REvoSim’s ID for a species, which is useful for correlating statistics with the tree output by the software.

*speciesMeanEnvironmentalFitness*

The mean fitness of the species from the environmental fitness algorithm.

*speciesMeanFitness*

The mean fitness of the species from the environmental fitness algorithm plus any interactions that impact on fitness.

*speciesMeanRunningEnergy*

This is the mean total lifetime energy of the organisms within a species (see Configuring Interactions).

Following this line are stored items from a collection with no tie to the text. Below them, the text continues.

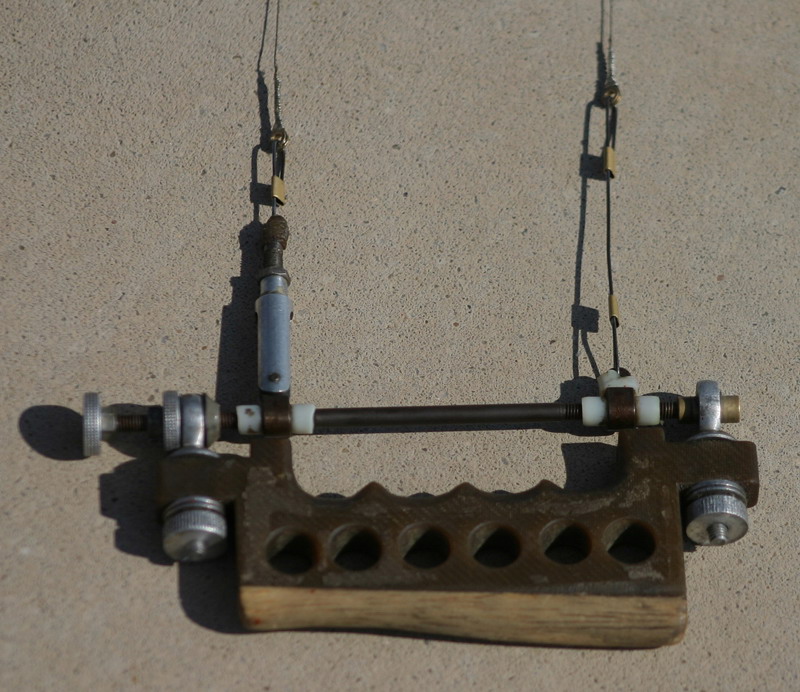 Na obrázku 2 je rukoväť, ktorej rám je zohnutý z duralového plechu hrúbky 2 mm, držadlo je vyrobené buď z tvrdej balzy, alebo lipy (môže byť preglejka), hrúbky aspoň 8 mm. V strede prednej strany je vyvŕtaný otvor pre takzvanú vrátovú skrutku, do ktorej je jesne u hlavičky vyvŕtany otvor na lanko, o priemere 1,6 mm. Lanko je prevlečené jednak týmto otvorom a jednak otvormi v čele, ktoré majú priemer tiež 1,6 mm a rozostup 100 mm. Na konci lanka sú prispájkované dve karabínky o priemere 1,5 mm. Vrátová skrutka je z prednej strany čela dotiahnutá matkou, pričom po povolení je možné dolďovať neutrálnu polohu kormidla.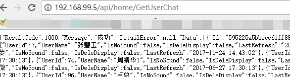 [Route("api/[controller]")]public class HomeController : Controller{// GET: api/<controller>[HttpGet,Route("GetUserChat")]public async Task<ActionResult> GetUserChat(){var collection = new MongoHelper().GetCollection<OAChat>("OAChat");var chatItems =await collection.Find(n => n.ChatType == 2).Limit(5).ToListAsync();return ApiJsonFormat.GetJsonResult(chatItems);}}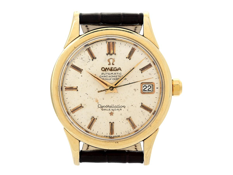 OMEGA, Constellation, Calendar, Chronometer, Cal 504, Serial no. 16725571, Ref no. KO 2943, Case no. 2943 5 SC, men´s wristwatch, 35 mm, gold on steel, self winding, plastic crystal, date, damaged dial, leather strap, approx. 1958.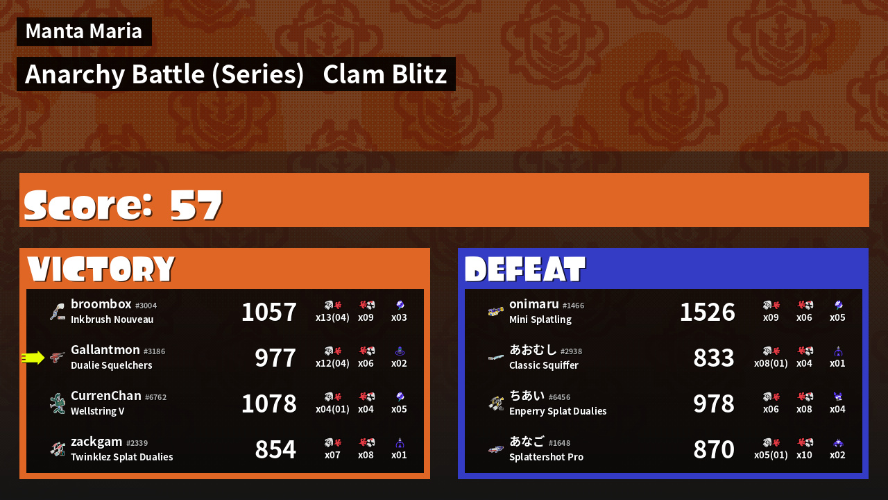 | Mode | Clam Blitz - Anarchy Battle (Series) | ||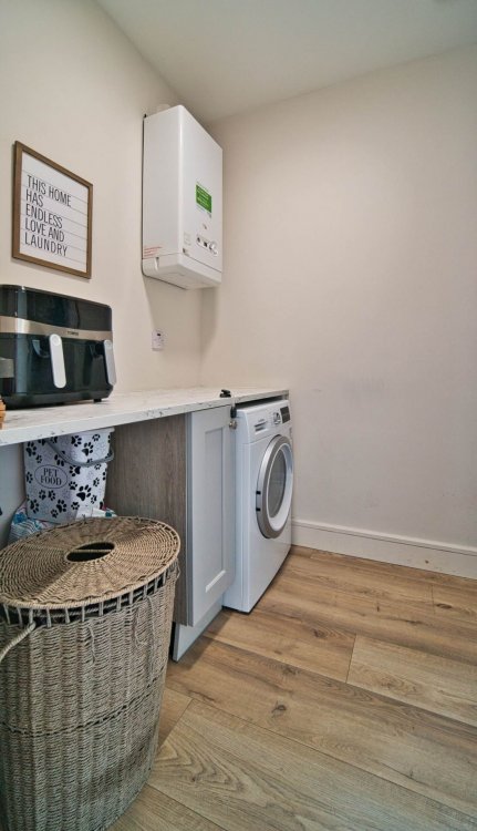 Utility Room 3.61m x 1m Semi solid flooring, storage units, fully plumbed for washing machine, houses gas boiler and light fitting.

*speciesMeanRunningStolenEnergy*

This is the mean total lifetime stolen energy of the organisms within a species (see Configuring Interactions).

*speciesModalGenome*

This outputs the modal genome of the species.

*speciesParent*

This outputs the REvoSim species ID for the parent species.

*speciesSize*

The number of individuals within the species.

*speciesTrophicLevel*

The mean trophic level of the organisms in a species.

9.6. v2.0.0 log

The v2.0.0 log is structured as follows:

Timestamp

The first line is a time stamp highlighting when the run was written, in the following format: 2018-12-30T11:57:51

Settings

A printout of all REvoSim settings for this run then follows, divided into integers and then bools. This means that at any point it is possible to revisit and check all settings for that run.

Legend

There is then an explanation of the structure of the log files. Every iteration, the log records data about the simulation to file in a format designed to be easy to parse into a range of analytical environments (e.g. R, Python). This structure is as follows for each iteration:

- [I] Iteration Number
- [P] Population Grid Data:
  - Number of living digital organisms
  - Mean fitness of living digital organisms
  - Number of entries on the breed list
  - Number of failed breed attempts
  - Number of species
  - Trophic histograms
- [S] Species Data:
  - Species ID
  - Species origin (iterations)
  - Species parent
  - Species current size (number of individuals)
  - Species mean Environmental Fitness
  - Species current genome (the modal genome of the species, the genome that occurs most frequently)
  - Species trophic level (the mean trophic level of individuals in the species)
  - Species genome diversity
Log data

The log then begins. Iterations are separated by new line breaks. Every iteration has a single [I] line, one [P] line, and then an [S] line for every species above the minimum species size. We note that it does not exclude species without descendents because it is written during the simulation, appending to the file for speed. To filter out those species without descendents would introduce the need to store and then regularly filter the log data, and thus would come with a notable computational overhead.

CSV format

If the ‘Log file formatted as CSV’ option is checked in output settings, the log file has a different and simpler format using the ‘comma separated value’ system. This may be easier to parse in some software (e.g. spreadsheets). A single header row is generated at the start of the file, providing titles for columns. Subsequent rows are generated for each [S] record described above, but these also include columns with the [I] and [P] records in each row. All fields described above are included in the output.

This logging system is designed to allow as many potential elements of a RevoSim run to be quantified as possible. Should any further measures or statistics be required, please file a feature request.